● **WHAT TO DO**: The answer is the exact run of lines in the listing below from the line containing "8L除 AIM-AD301 ,推,箱,CP值,,,便宜,惠,介,排行,精,特,周年,,限" up to and including the line containing "พ.ศ. 2583 (Nha", with pictures removed.

● **DATA IN THIS EXERCISE**:
────────
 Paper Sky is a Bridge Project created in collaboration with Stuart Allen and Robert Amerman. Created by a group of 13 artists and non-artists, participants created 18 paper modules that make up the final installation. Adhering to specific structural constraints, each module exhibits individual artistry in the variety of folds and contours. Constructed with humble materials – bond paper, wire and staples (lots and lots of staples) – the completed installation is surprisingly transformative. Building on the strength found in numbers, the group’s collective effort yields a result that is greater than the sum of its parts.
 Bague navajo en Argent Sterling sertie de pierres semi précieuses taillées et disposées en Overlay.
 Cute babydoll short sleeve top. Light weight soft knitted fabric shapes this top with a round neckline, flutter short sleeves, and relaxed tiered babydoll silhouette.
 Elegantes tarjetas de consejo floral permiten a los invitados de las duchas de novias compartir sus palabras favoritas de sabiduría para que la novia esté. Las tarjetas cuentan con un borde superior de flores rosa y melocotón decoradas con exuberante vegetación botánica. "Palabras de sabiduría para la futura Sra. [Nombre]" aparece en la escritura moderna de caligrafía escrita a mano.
────────
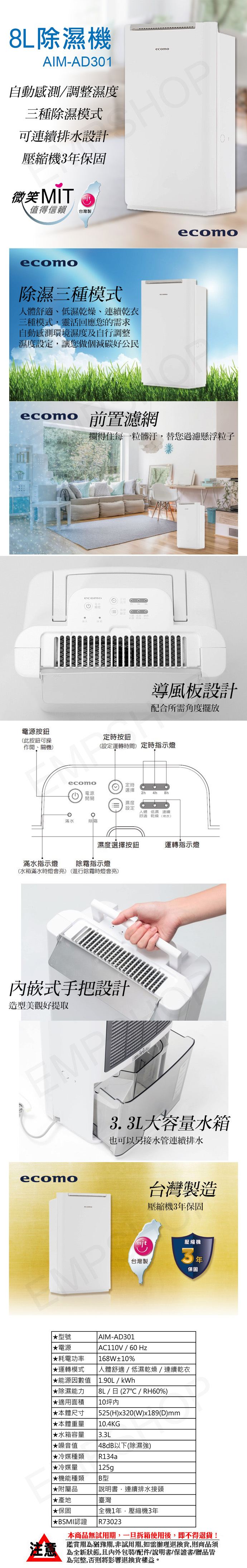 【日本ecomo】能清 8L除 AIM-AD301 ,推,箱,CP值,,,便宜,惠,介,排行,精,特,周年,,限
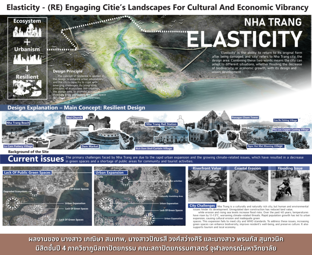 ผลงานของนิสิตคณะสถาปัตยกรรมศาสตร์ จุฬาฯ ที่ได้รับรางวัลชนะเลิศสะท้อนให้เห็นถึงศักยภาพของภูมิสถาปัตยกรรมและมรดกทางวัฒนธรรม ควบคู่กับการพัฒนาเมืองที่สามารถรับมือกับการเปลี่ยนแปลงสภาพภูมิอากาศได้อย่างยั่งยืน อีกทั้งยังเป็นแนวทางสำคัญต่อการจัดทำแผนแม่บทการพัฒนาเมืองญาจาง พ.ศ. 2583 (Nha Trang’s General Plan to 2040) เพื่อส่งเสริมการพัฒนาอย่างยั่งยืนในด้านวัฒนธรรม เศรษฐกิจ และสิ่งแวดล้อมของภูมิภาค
────────
● **REPLY TO THE EXERCISE**:
 【日本ecomo】能清 8L除 AIM-AD301 ,推,箱,CP值,,,便宜,惠,介,排行,精,特,周年,,限
 ผลงานของนิสิตคณะสถาปัตยกรรมศาสตร์ จุฬาฯ ที่ได้รับรางวัลชนะเลิศสะท้อนให้เห็นถึงศักยภาพของภูมิสถาปัตยกรรมและมรดกทางวัฒนธรรม ควบคู่กับการพัฒนาเมืองที่สามารถรับมือกับการเปลี่ยนแปลงสภาพภูมิอากาศได้อย่างยั่งยืน อีกทั้งยังเป็นแนวทางสำคัญต่อการจัดทำแผนแม่บทการพัฒนาเมืองญาจาง พ.ศ. 2583 (Nha Trang’s General Plan to 2040) เพื่อส่งเสริมการพัฒนาอย่างยั่งยืนในด้านวัฒนธรรม เศรษฐกิจ และสิ่งแวดล้อมของภูมิภาค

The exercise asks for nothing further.